TASK DETAILS: Word for word, restate the lines from the top of the records below through the line with "The Integrations tab", both included, with no pictures in the result.

+--

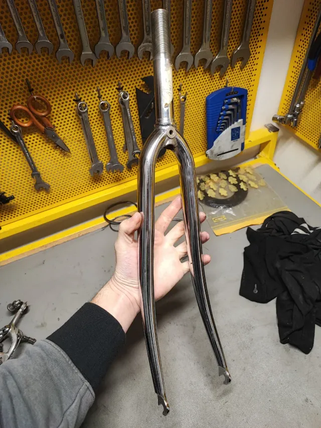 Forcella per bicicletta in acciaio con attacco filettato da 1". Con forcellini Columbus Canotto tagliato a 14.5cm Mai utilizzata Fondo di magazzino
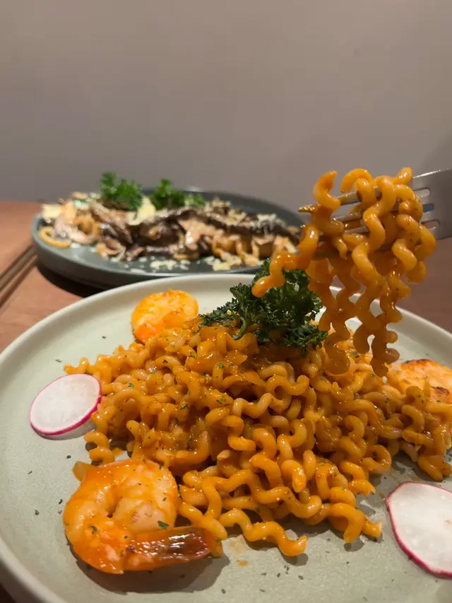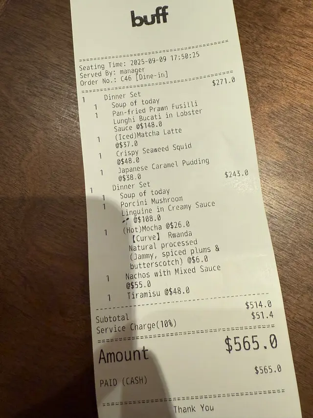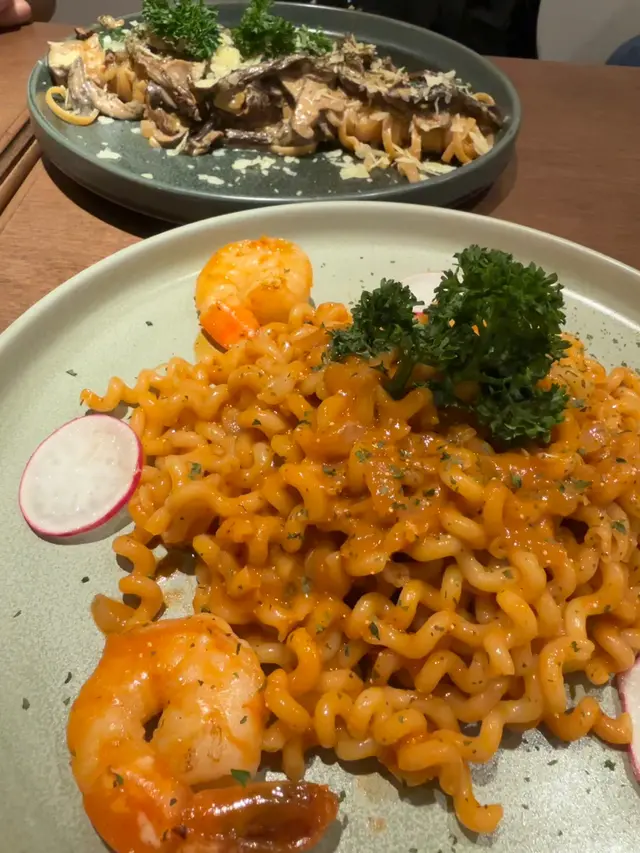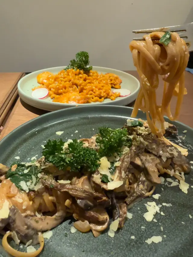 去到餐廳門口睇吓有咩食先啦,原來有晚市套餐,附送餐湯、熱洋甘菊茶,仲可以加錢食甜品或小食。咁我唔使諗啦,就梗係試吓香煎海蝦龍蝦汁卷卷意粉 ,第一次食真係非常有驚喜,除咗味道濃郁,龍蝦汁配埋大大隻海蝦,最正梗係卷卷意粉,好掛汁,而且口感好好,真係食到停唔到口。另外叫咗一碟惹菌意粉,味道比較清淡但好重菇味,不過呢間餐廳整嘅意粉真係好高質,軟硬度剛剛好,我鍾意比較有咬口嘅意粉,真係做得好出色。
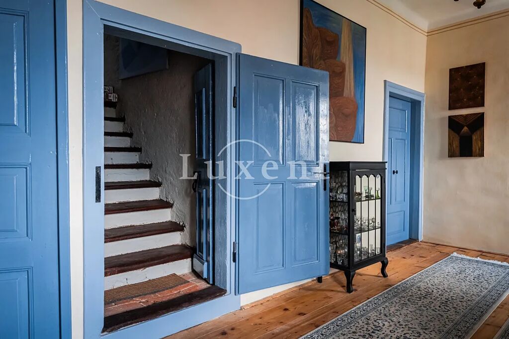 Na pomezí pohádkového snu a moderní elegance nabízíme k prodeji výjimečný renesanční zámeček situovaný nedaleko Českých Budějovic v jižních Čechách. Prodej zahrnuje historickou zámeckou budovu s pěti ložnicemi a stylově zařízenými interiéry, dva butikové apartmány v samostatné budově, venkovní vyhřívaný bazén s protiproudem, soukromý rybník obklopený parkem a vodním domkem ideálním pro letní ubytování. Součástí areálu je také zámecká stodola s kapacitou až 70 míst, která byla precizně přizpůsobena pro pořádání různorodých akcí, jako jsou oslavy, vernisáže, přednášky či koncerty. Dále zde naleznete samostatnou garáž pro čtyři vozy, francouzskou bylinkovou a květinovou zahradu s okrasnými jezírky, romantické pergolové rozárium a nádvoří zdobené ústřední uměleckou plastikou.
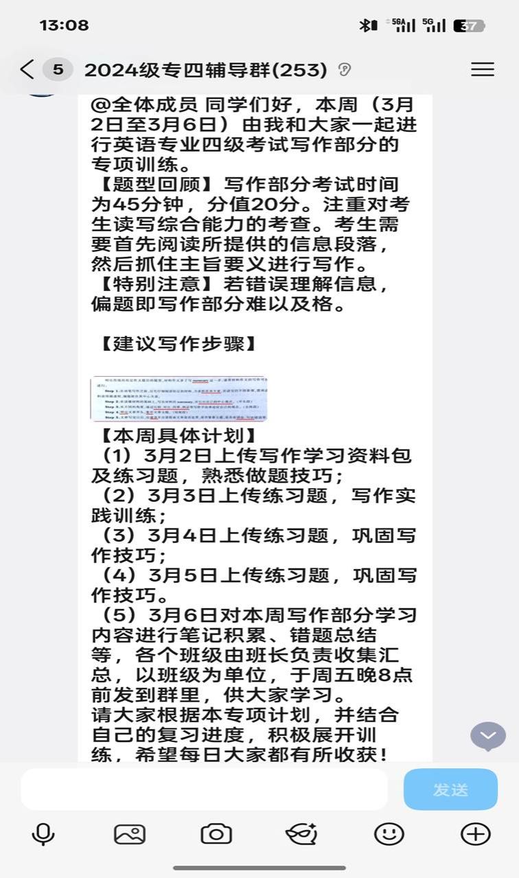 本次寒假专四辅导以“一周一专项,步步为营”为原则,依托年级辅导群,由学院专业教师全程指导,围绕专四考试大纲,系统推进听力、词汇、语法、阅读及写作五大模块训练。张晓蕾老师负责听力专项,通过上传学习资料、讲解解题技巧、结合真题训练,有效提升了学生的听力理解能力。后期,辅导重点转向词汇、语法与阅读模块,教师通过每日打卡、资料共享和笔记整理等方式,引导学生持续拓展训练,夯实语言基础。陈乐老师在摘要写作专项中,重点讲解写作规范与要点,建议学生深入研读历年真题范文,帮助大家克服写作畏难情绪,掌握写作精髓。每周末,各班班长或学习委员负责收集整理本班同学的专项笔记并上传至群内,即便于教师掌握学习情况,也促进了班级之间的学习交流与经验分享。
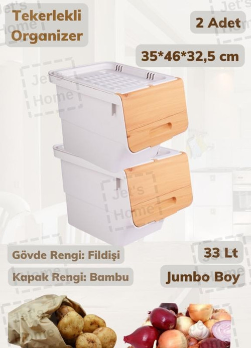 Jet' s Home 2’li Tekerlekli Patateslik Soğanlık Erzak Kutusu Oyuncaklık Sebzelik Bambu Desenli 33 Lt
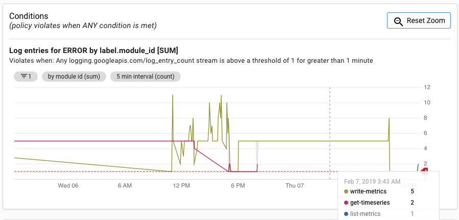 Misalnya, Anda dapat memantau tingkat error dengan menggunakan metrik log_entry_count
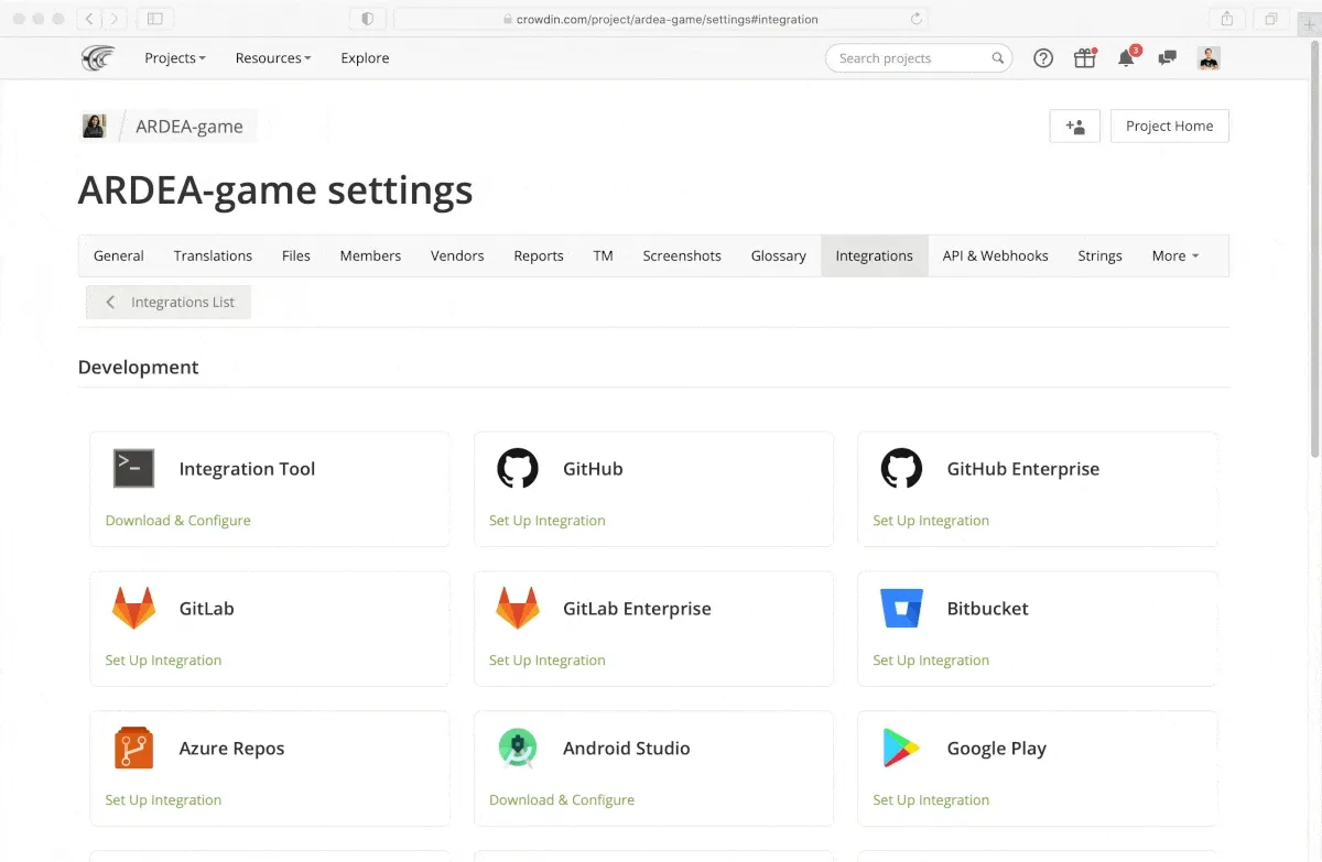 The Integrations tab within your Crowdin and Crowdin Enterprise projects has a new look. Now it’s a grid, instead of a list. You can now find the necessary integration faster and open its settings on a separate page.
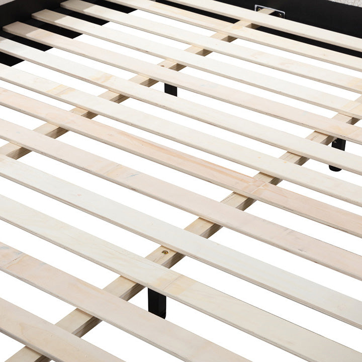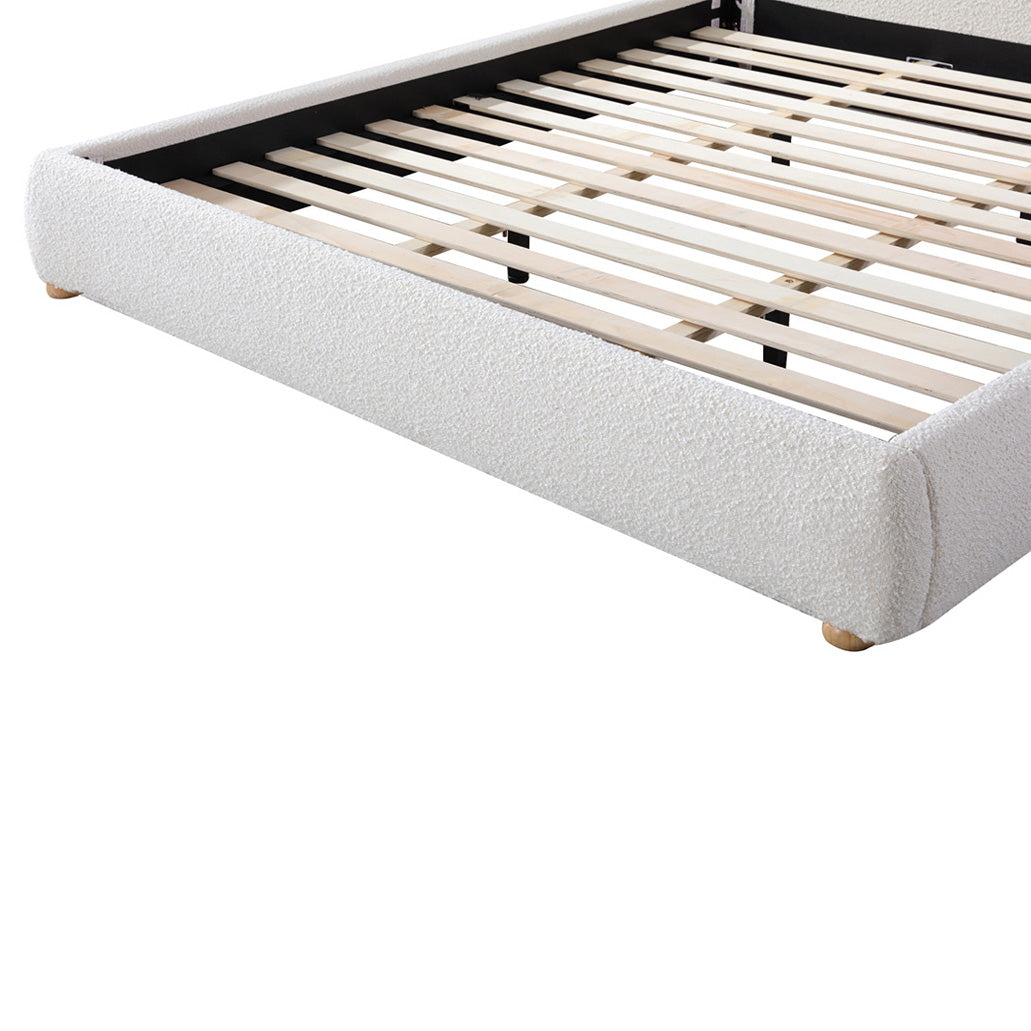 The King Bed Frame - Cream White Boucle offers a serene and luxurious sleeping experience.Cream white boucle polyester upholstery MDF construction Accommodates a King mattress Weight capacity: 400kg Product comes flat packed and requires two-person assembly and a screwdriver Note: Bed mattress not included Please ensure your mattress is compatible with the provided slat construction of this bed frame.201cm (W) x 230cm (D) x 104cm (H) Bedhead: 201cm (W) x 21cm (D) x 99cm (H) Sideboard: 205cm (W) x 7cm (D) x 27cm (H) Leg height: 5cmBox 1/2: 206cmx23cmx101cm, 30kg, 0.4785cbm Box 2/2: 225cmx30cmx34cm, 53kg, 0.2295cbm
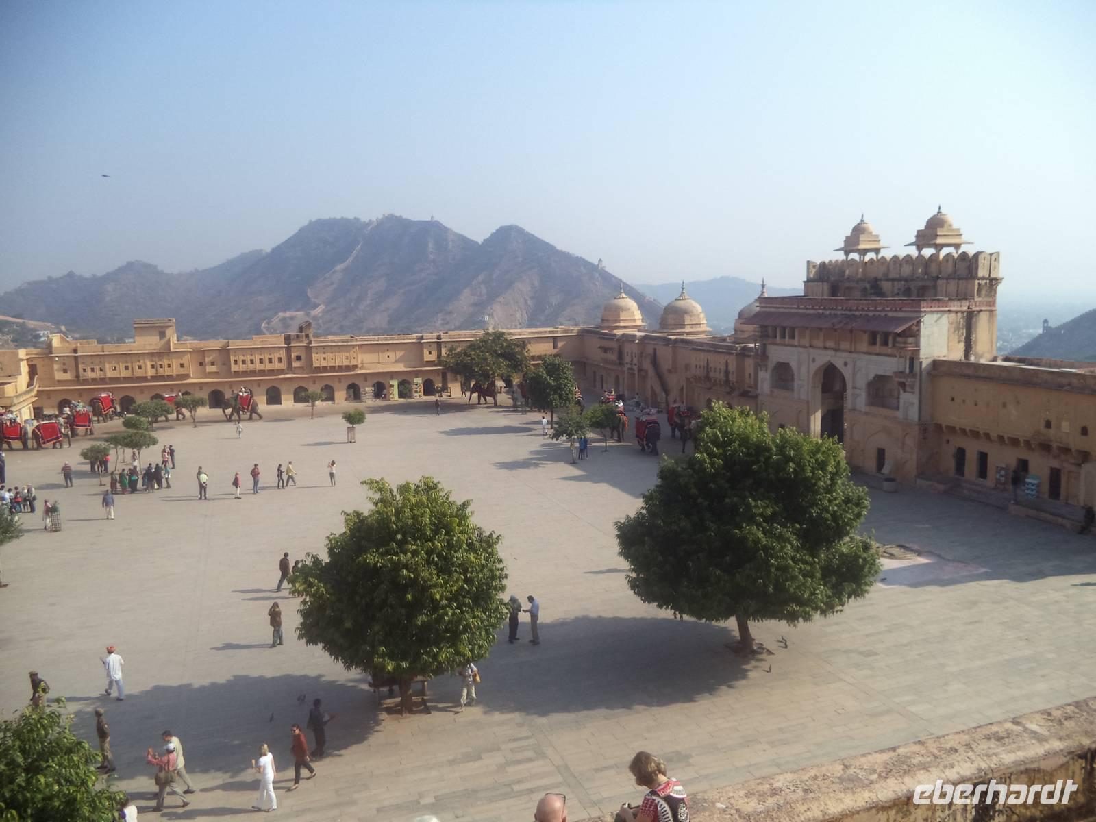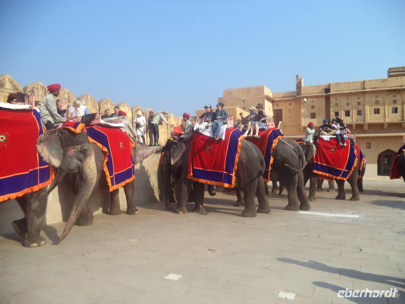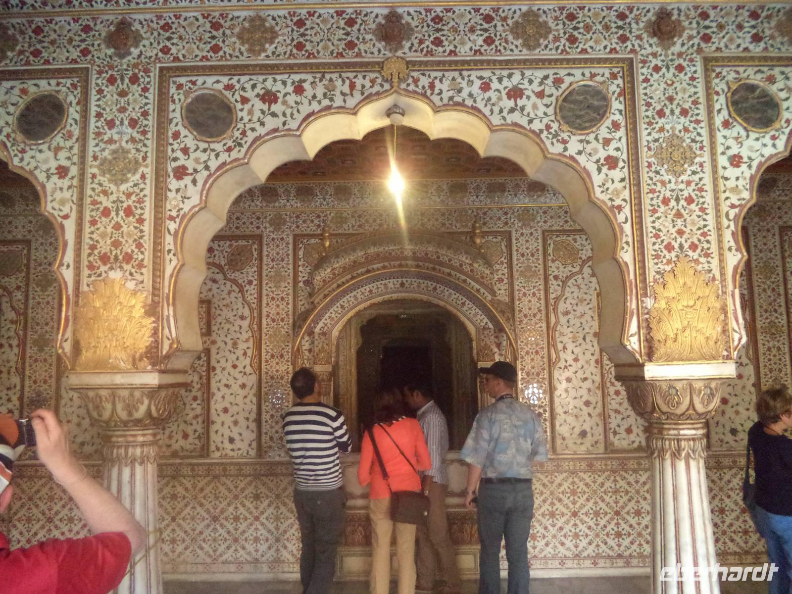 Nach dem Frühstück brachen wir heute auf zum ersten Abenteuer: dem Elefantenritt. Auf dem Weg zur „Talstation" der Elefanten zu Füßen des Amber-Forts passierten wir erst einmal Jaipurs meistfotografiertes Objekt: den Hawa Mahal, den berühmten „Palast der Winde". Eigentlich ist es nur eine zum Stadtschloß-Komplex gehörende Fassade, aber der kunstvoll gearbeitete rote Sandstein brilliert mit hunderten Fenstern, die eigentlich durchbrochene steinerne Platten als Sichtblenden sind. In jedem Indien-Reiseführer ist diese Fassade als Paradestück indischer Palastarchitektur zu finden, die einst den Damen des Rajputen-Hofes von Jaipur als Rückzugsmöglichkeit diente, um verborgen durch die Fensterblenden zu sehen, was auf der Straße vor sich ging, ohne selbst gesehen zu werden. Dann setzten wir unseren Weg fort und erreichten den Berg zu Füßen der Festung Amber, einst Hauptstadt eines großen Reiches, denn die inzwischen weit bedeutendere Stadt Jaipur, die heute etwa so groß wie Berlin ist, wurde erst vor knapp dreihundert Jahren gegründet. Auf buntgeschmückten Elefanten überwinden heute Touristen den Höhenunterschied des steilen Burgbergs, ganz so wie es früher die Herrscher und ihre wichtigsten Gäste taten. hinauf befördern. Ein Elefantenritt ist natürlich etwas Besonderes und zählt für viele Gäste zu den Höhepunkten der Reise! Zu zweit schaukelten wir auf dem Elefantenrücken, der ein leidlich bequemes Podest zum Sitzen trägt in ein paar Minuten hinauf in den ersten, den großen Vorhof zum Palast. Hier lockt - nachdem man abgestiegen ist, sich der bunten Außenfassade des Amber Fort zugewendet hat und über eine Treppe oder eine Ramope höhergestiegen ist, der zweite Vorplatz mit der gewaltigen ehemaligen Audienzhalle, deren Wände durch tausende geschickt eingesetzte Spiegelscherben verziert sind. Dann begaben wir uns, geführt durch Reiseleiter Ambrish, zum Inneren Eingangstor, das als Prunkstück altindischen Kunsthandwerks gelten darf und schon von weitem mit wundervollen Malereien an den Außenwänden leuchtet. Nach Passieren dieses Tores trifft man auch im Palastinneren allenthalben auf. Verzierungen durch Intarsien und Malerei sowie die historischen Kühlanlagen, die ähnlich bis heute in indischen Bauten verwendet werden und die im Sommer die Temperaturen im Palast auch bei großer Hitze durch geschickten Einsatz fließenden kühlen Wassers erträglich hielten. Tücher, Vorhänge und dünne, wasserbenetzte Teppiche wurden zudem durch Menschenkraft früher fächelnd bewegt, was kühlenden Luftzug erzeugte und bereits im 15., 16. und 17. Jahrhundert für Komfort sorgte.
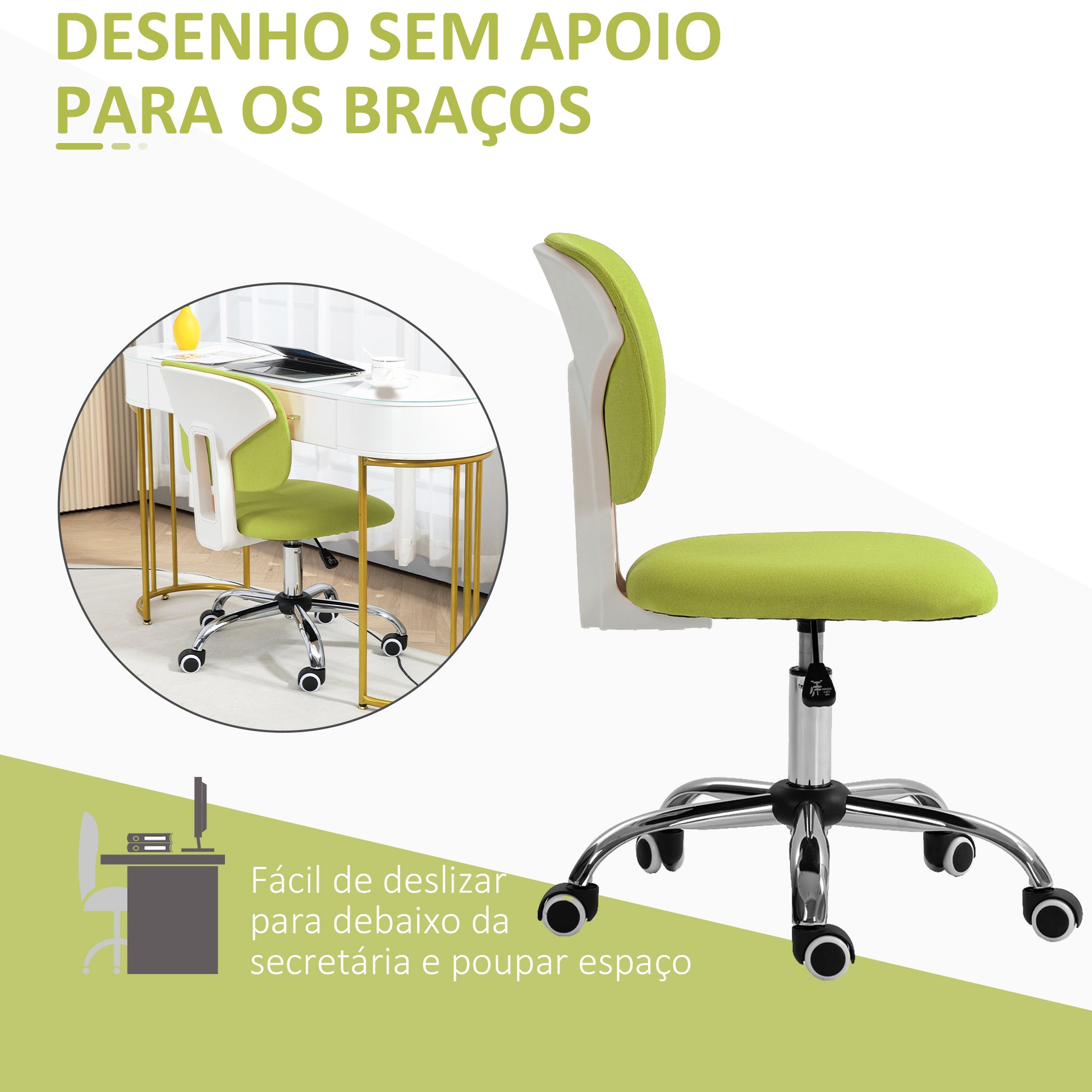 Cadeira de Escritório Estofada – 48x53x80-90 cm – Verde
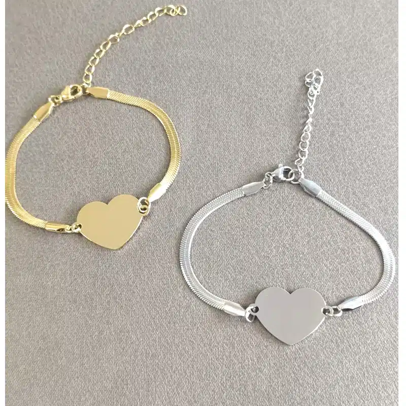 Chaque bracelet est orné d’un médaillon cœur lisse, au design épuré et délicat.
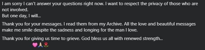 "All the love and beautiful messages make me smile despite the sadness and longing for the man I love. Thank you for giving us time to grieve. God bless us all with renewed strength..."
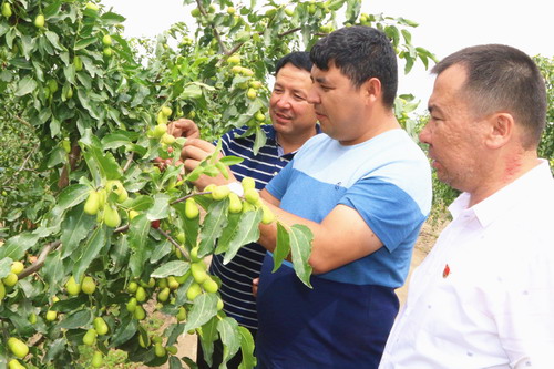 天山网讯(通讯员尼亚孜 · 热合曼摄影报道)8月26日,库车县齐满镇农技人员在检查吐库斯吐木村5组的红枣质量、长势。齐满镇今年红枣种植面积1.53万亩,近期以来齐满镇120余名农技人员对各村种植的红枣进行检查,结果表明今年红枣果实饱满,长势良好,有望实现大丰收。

+--

THE COMPLETED TASK:
 Forcella per bicicletta in acciaio con attacco filettato da 1". Con forcellini Columbus Canotto tagliato a 14.5cm Mai utilizzata Fondo di magazzino
 去到餐廳門口睇吓有咩食先啦,原來有晚市套餐,附送餐湯、熱洋甘菊茶,仲可以加錢食甜品或小食。咁我唔使諗啦,就梗係試吓香煎海蝦龍蝦汁卷卷意粉 ,第一次食真係非常有驚喜,除咗味道濃郁,龍蝦汁配埋大大隻海蝦,最正梗係卷卷意粉,好掛汁,而且口感好好,真係食到停唔到口。另外叫咗一碟惹菌意粉,味道比較清淡但好重菇味,不過呢間餐廳整嘅意粉真係好高質,軟硬度剛剛好,我鍾意比較有咬口嘅意粉,真係做得好出色。
 Na pomezí pohádkového snu a moderní elegance nabízíme k prodeji výjimečný renesanční zámeček situovaný nedaleko Českých Budějovic v jižních Čechách. Prodej zahrnuje historickou zámeckou budovu s pěti ložnicemi a stylově zařízenými interiéry, dva butikové apartmány v samostatné budově, venkovní vyhřívaný bazén s protiproudem, soukromý rybník obklopený parkem a vodním domkem ideálním pro letní ubytování. Součástí areálu je také zámecká stodola s kapacitou až 70 míst, která byla precizně přizpůsobena pro pořádání různorodých akcí, jako jsou oslavy, vernisáže, přednášky či koncerty. Dále zde naleznete samostatnou garáž pro čtyři vozy, francouzskou bylinkovou a květinovou zahradu s okrasnými jezírky, romantické pergolové rozárium a nádvoří zdobené ústřední uměleckou plastikou.
 本次寒假专四辅导以“一周一专项,步步为营”为原则,依托年级辅导群,由学院专业教师全程指导,围绕专四考试大纲,系统推进听力、词汇、语法、阅读及写作五大模块训练。张晓蕾老师负责听力专项,通过上传学习资料、讲解解题技巧、结合真题训练,有效提升了学生的听力理解能力。后期,辅导重点转向词汇、语法与阅读模块,教师通过每日打卡、资料共享和笔记整理等方式,引导学生持续拓展训练,夯实语言基础。陈乐老师在摘要写作专项中,重点讲解写作规范与要点,建议学生深入研读历年真题范文,帮助大家克服写作畏难情绪,掌握写作精髓。每周末,各班班长或学习委员负责收集整理本班同学的专项笔记并上传至群内,即便于教师掌握学习情况,也促进了班级之间的学习交流与经验分享。
 Jet' s Home 2’li Tekerlekli Patateslik Soğanlık Erzak Kutusu Oyuncaklık Sebzelik Bambu Desenli 33 Lt
 Misalnya, Anda dapat memantau tingkat error dengan menggunakan metrik log_entry_count
 The Integrations tab within your Crowdin and Crowdin Enterprise projects has a new look. Now it’s a grid, instead of a list. You can now find the necessary integration faster and open its settings on a separate page.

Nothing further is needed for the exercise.